Kristensen hält das für überflüssig: „Was da natürlich fehlt, ist die Angabe, dass die USA bereits mehr als 1000 nukleare Sprengköpfe besitzen, Sprengköpfe für Marschflugkörper und für Atombomben, die schon über eine sehr niedrige Sprengkraft verfügen. Das Neue wäre also, diese Fähigkeiten auch noch bei ballistischen Raketen einzuführen. […] Es ist eine grundsätzliche Strategie im amerikanischen Militär, dass sie versuchen, die Zielgenauigkeit und die Effizienz nuklearer Waffen zu vergrößern, damit die Sprengkraft der Waffen verkleinert werden kann. So bekommt der Präsident die Möglichkeit, Atombomben einzusetzen, die geringere Kollateralschäden verursachen.“
Ein zweiter Vorschlag resultiert aus dem wiederholten Vorwurf, Russland verletze den vor 30 Jahren geschlossenen Vertrag über das Verbot landgestützter Mittelstreckenraketen mit Reichweiten von 500 bis 5500 Kilometern. Moskau habe einen landgestützten Marschflugkörper dieser Reichweite getestet und stationiere diesen inzwischen, so die Behauptung. Auch wenn der Öffentlichkeit dafür bislang kein klar nachvollziehbarer Beweis vorgelegt wurde, folgt daraus eine Forderung: Washington soll ebenfalls ein solches landgestützes Marschflugkörper-System entwickeln und für eine potentielle Stationierung in Europa vorhalten. Im Hintergrund dieses Vorschlags stehen zwei Überlegungen: Einerseits wird argumentiert, die ernsthafte Drohung mit einer solchen Möglichkeit könne Moskau vielleicht dazu veranlassen, seine landgestützten Marschflugkörper großer Reichweite wieder aus dem Verkehr zu ziehen. Andererseits bedient dieser Vorschlag ein jahrzehntealtes Motiv der US-Diskussion über am besten geeignete Nuklearstrategie: Washington müsse jederzeit die Waffen und die Möglichkeit haben, einen Atomkrieg regional zu begrenzen – zum Beispiel auf Europa.
Bundesaußenminister Sigmar Gabriel hat diesen seit mehreren Jahren hörbaren Schuss jetzt auch wahrgenommen und auf seine letzten Amtswochen Klartext geredet: „Neue atomare Mittelstreckenraketen mitten in Europa – das ist leider mehr als wahrscheinlich“, sagte er Anfang November der Bild am Sonntag.

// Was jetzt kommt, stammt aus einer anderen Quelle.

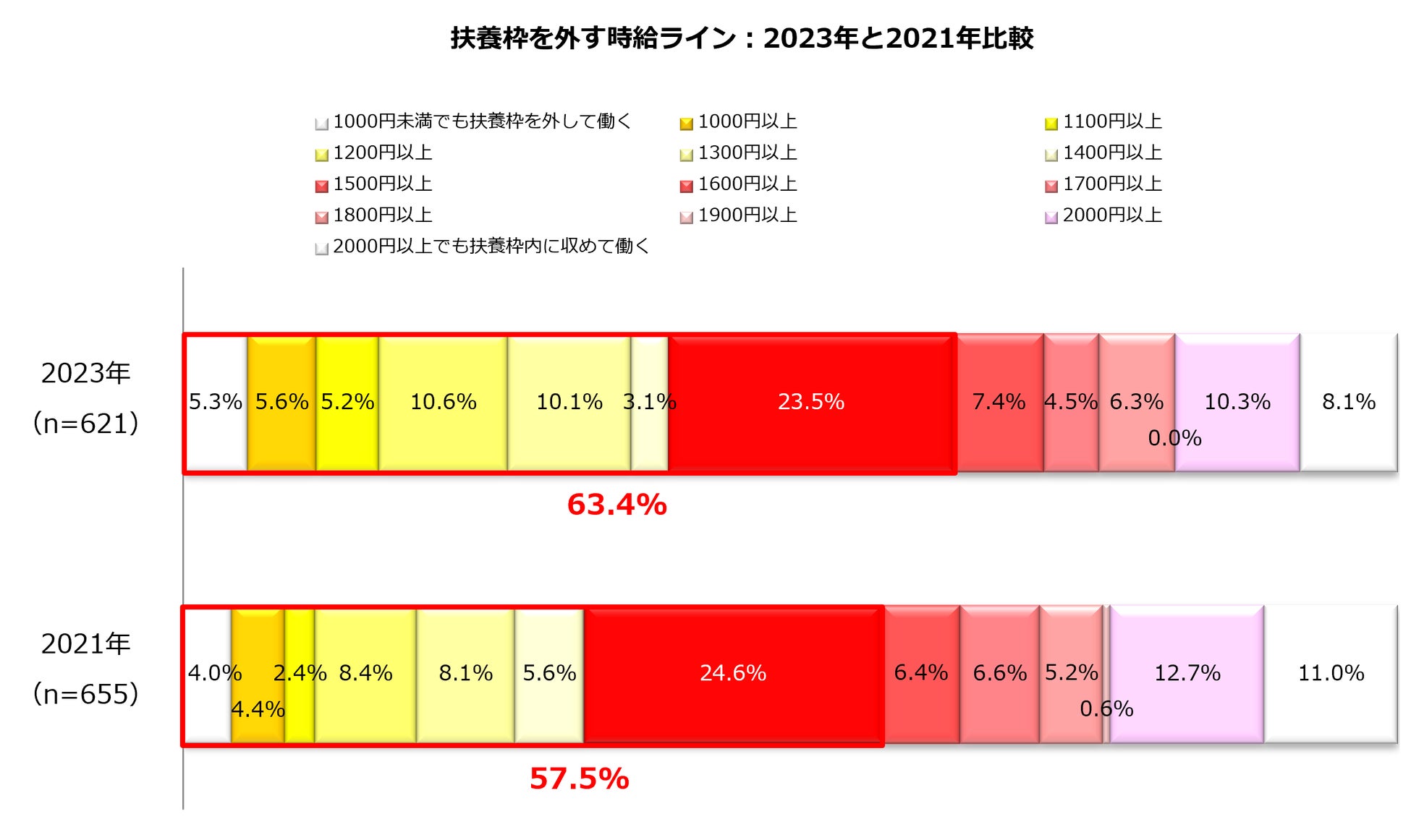 5.扶養枠を外す時給ライン:2023年と2021年比較

Die zuständigen amerikanischen Generäle reagieren überwiegend zurückhaltend. Sie sind sich zwar einig, dass sie erheblich mehr Geld wollen. Das „Wofür“ bleibt aber meist vage. Sie wollen sich keine Verpflichtungen aufhalsen, spezifische neue Kernwaffensysteme einzuplanen. Sie gehen sogar davon aus, dass sie die nukleare Abschreckung auch mit einem deutlich kleineren als dem heutigen Atomwaffenpotential garantieren können. Und sie wissen zu genau, dass Mehrausgaben für atomare Waffen auf Kosten des für konventionelle Waffen verfügbaren Geldes gehen würden. Zudem wollen sie keinen neuen atomaren Rüstungswettlauf hervorrufen und nicht Gefahr laufen, gegen geltende Rüstungskontrollabkommen zu verstoßen.
Die Militärs haben zudem erkannt, dass viele der atomaren Modernisierungsvorhaben, die sie der Regierung Obama verkauft haben, deutlich teurer werden als geplant und auch länger dauern als angekündigt. Sie wollen keine unbegrenzte, maßlose und nicht finanzierbare nukleare Aufrüstung in Gang zu setzen.

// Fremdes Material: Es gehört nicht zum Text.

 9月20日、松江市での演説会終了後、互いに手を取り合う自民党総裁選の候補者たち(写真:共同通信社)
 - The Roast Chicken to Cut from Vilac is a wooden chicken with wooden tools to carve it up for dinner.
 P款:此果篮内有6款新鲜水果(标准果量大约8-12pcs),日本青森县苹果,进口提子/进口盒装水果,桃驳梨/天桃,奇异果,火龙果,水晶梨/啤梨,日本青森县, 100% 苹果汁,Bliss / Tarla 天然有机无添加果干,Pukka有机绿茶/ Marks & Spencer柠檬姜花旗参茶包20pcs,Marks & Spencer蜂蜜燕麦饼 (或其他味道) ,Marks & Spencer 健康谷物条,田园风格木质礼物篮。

Wird Trumps Nuclear Posture Review Auswirkungen für Europa haben? Unweigerlich. Die USA sind die entscheidende Nuklearmacht in der NATO. Obamas Bericht fand 2010 unmittelbar Widerhall in der westlichen Allianz. Er schrieb die nukleare Teilhabe und die Stationierung US-amerikanischer Nuklearwaffen in Europa auf Jahrzehnte neu fest und stellte damit auch Weichen für die geplante Modernisierung der US-Nuklearwaffen in Europa. Die NATO wird über die Auswirkungen des Trumpschen Nuclear Posture Reviews beraten. 2018 ist ein NATO-Gipfel geplant, bei dem erste Konsequenzen für das Bündnis beschlossen werden könnten.